──────── Data under study

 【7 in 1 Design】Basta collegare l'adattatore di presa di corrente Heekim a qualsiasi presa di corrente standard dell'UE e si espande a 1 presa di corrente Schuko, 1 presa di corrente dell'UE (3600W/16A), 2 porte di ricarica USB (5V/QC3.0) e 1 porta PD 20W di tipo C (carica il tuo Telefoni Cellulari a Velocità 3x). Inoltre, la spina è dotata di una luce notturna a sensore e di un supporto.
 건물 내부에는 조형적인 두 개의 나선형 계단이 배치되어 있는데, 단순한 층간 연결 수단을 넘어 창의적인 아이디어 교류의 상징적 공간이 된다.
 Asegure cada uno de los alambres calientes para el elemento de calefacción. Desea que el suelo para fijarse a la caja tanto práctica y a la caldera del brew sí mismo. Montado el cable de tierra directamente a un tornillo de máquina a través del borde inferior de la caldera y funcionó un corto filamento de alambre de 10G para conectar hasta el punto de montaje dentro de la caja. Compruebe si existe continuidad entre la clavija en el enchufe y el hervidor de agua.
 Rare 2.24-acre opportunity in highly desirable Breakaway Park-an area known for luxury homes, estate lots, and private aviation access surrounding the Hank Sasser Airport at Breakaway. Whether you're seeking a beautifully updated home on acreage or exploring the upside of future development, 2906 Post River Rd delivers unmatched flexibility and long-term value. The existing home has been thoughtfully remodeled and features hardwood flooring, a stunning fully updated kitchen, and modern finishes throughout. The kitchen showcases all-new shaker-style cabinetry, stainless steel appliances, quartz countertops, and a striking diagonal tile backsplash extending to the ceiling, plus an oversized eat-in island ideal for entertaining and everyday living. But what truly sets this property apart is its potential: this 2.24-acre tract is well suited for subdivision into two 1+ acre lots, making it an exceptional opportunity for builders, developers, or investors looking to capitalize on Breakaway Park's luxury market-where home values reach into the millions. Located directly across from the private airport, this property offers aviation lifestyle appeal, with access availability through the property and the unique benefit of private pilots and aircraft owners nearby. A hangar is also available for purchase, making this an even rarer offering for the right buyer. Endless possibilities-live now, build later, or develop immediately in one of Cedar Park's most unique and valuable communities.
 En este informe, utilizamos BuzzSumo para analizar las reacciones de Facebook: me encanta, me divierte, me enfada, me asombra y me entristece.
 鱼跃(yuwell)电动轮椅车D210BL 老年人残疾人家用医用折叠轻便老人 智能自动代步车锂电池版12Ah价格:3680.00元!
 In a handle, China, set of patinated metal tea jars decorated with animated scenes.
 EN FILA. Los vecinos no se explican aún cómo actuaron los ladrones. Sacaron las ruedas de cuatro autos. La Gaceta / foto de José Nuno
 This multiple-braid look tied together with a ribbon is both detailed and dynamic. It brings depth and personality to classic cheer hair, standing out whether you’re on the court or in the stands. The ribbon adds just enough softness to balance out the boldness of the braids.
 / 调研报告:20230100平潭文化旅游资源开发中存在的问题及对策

────────────────

Your objective = Your answer should consist of the lines from the line with "건물 내부에는 조형적인" to the line with "Asegure cada uno" above, repeated exactly, both ends included.

Answer =
 건물 내부에는 조형적인 두 개의 나선형 계단이 배치되어 있는데, 단순한 층간 연결 수단을 넘어 창의적인 아이디어 교류의 상징적 공간이 된다.
 Asegure cada uno de los alambres calientes para el elemento de calefacción. Desea que el suelo para fijarse a la caja tanto práctica y a la caldera del brew sí mismo. Montado el cable de tierra directamente a un tornillo de máquina a través del borde inferior de la caldera y funcionó un corto filamento de alambre de 10G para conectar hasta el punto de montaje dentro de la caja. Compruebe si existe continuidad entre la clavija en el enchufe y el hervidor de agua.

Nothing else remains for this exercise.